## What you should do
Find the line that contains "If you haven't" in the records below, then repeat exactly that line and each one after it, leaving pictures out.

--- Data supplied Enclosed Below ---

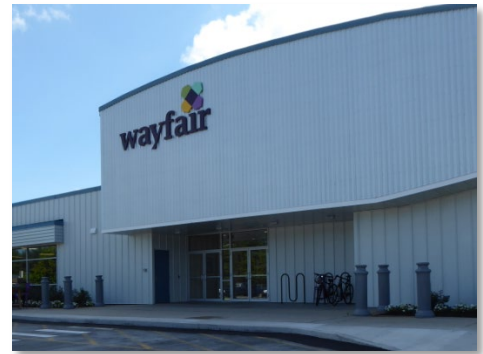
Figure 5. Wayfair operates its customer contact center out of this building.

This manufacturer was one of the first companies to locate at Brunswick Landing, in 2011. It operates out of an 80,000-square-foot facility and specializes in surgical and wound care medical equipment. The company operates globally and is headquartered in Sweden. The Brunswick business location provides over $4 million in estimated annual employee income and generated $19 million in sales revenue in 2018.
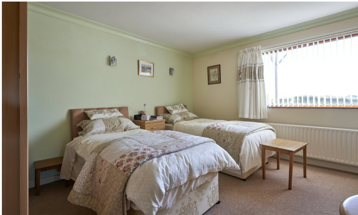
BEDROOM (3): 16' 8" x 13' 4" (5.08m x 4.06m) Range of built-in robes. Hotpress with built-in storage.
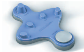
Dental R.A.T. – www.dentalrat.com

If you haven't heard or seen the Dental R.A.T you are in for a treat. The Dental R.A.T. is a simple and powerful tool for streamlining your computerized periodontal charting. It works with your current dental software. The Dental R.A.T is a simple foot-operated mouse that enables the most effective,
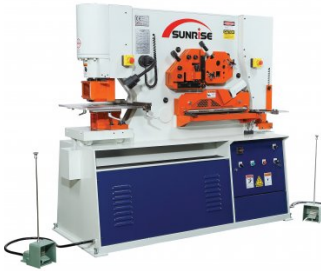
P176H Hydraulic Punch & Shear - 100 Tonne
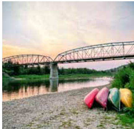
'Summertime is river time' by Tana Nixon
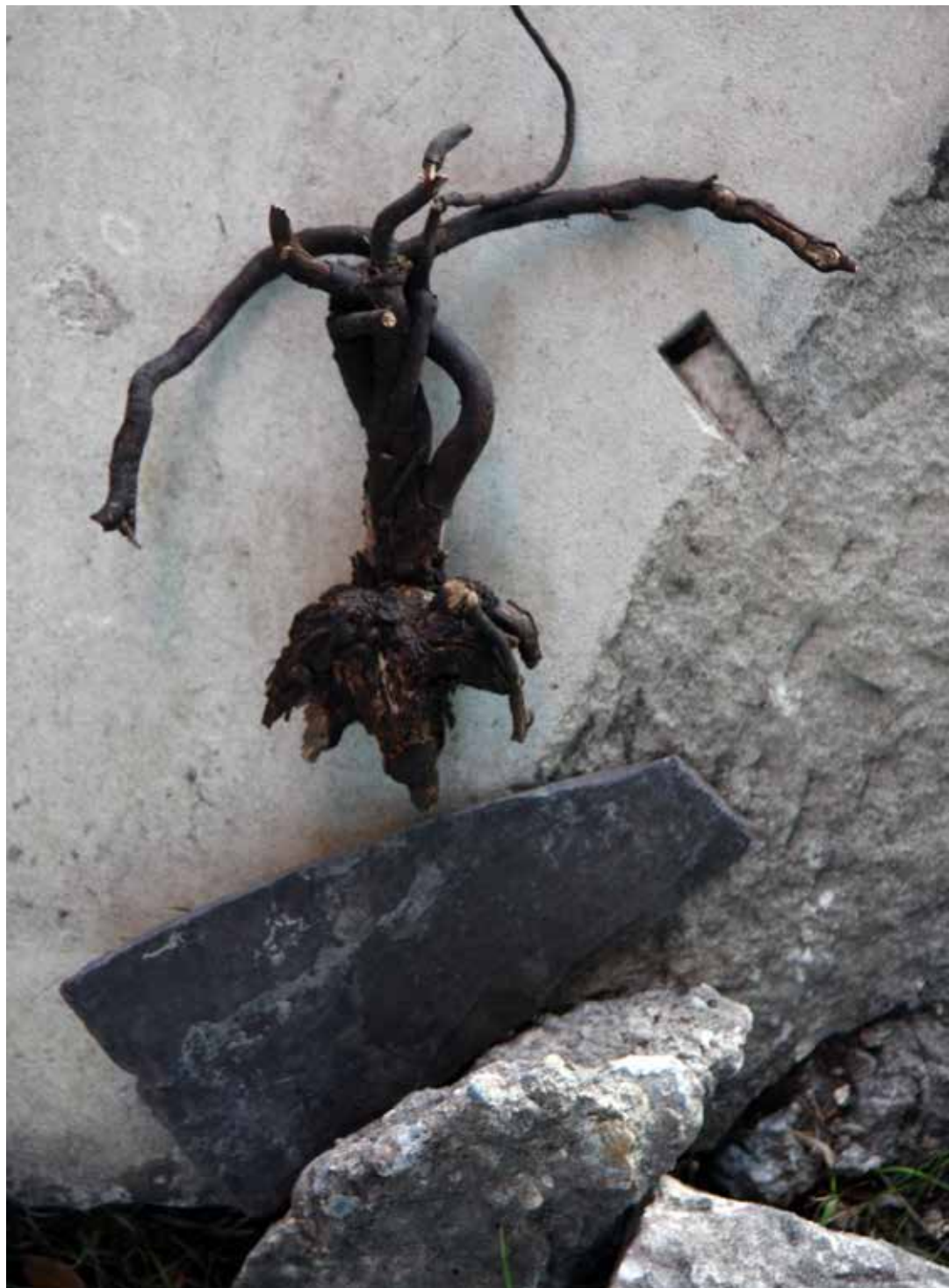
37. The committee of urban shamanism is comprised of Shakespeare's falcon, Blake's tiger, Rimbaud's toad, Yeats' swan.
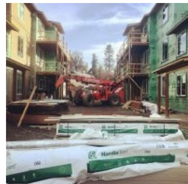
Haystack Heights Cohousing
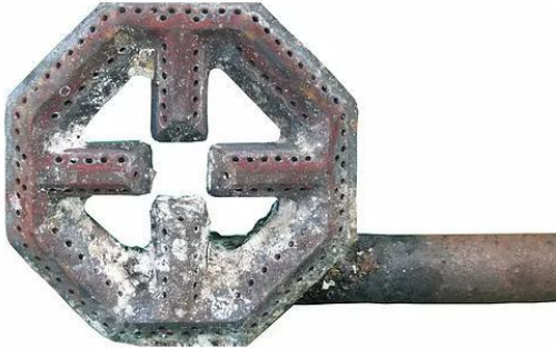
Gas Buner Cleaner
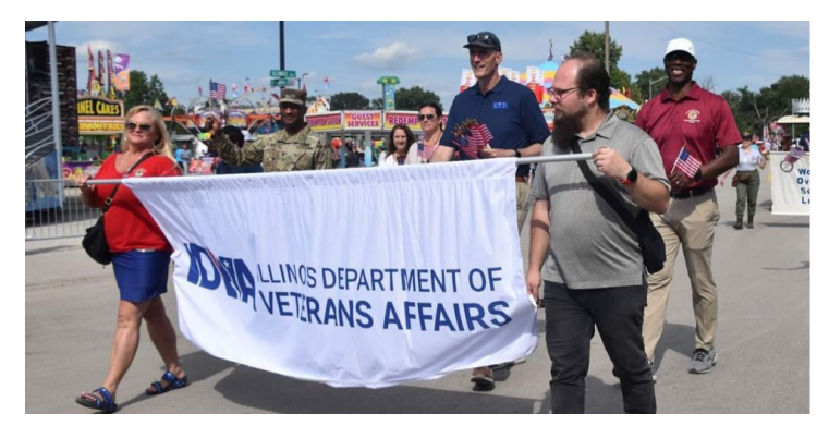
Team IDVA marches in the Springfield State Fair Veterans Day Parade.

This year's theme, "Service Across the Generations," resonated with many veterans who proudly followed in the footsteps of a loved one or paved the way for future generations.
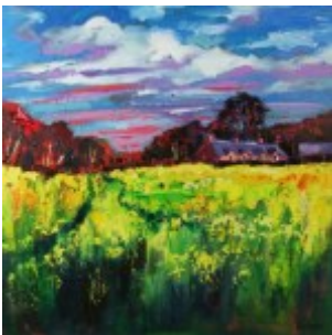
Lynn Rodgie: Mackerel Sky
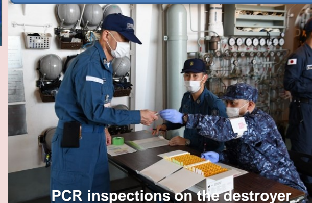
PCR inspections on the destroyer
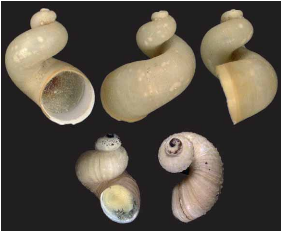
1 top left to right: Apertural, abapertural and lateral view of P. laevis ; bottom: another specimen.

Biology: Many specimens found in washings of tubes of Alvinella and siboglinids but both species seems to occur also on other substrates. Genus endemic to vents. Stomach contents indicate detritus feeding. Larval development lecithotrophic with planktonic dispersal stage.
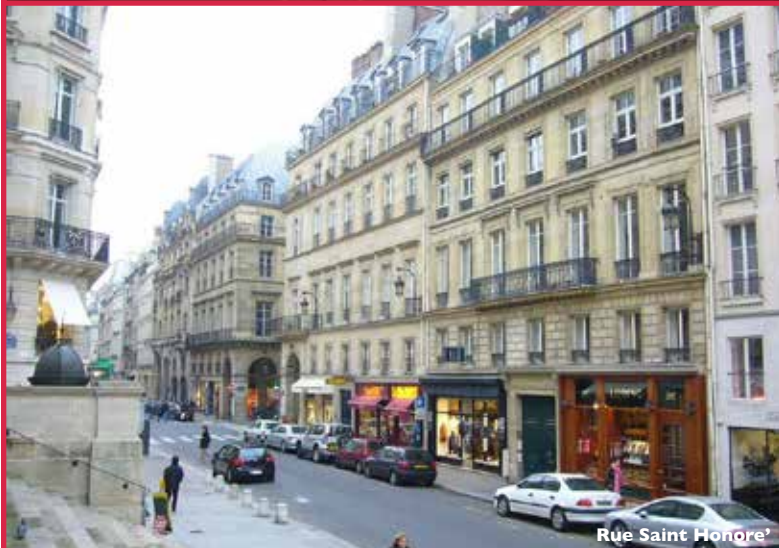
Rue Saint Honoré
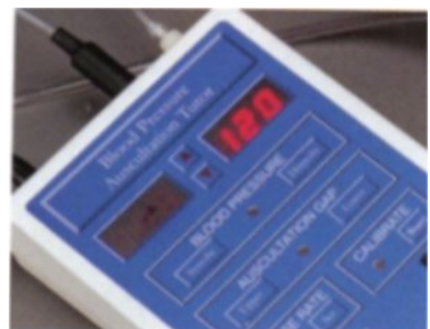
Adjustable pulse rate

--- End of Enclosed Data supplied ---

## Exercise response
If you haven't heard or seen the Dental R.A.T you are in for a treat. The Dental R.A.T. is a simple and powerful tool for streamlining your computerized periodontal charting. It works with your current dental software. The Dental R.A.T is a simple foot-operated mouse that enables the most effective,
P176H Hydraulic Punch & Shear - 100 Tonne
'Summertime is river time' by Tana Nixon
37. The committee of urban shamanism is comprised of Shakespeare's falcon, Blake's tiger, Rimbaud's toad, Yeats' swan.
Haystack Heights Cohousing
Gas Buner Cleaner
Team IDVA marches in the Springfield State Fair Veterans Day Parade.

This year's theme, "Service Across the Generations," resonated with many veterans who proudly followed in the footsteps of a loved one or paved the way for future generations.
Lynn Rodgie: Mackerel Sky
PCR inspections on the destroyer
1 top left to right: Apertural, abapertural and lateral view of P. laevis ; bottom: another specimen.

Biology: Many specimens found in washings of tubes of Alvinella and siboglinids but both species seems to occur also on other substrates. Genus endemic to vents. Stomach contents indicate detritus feeding. Larval development lecithotrophic with planktonic dispersal stage.
Rue Saint Honoré
Adjustable pulse rate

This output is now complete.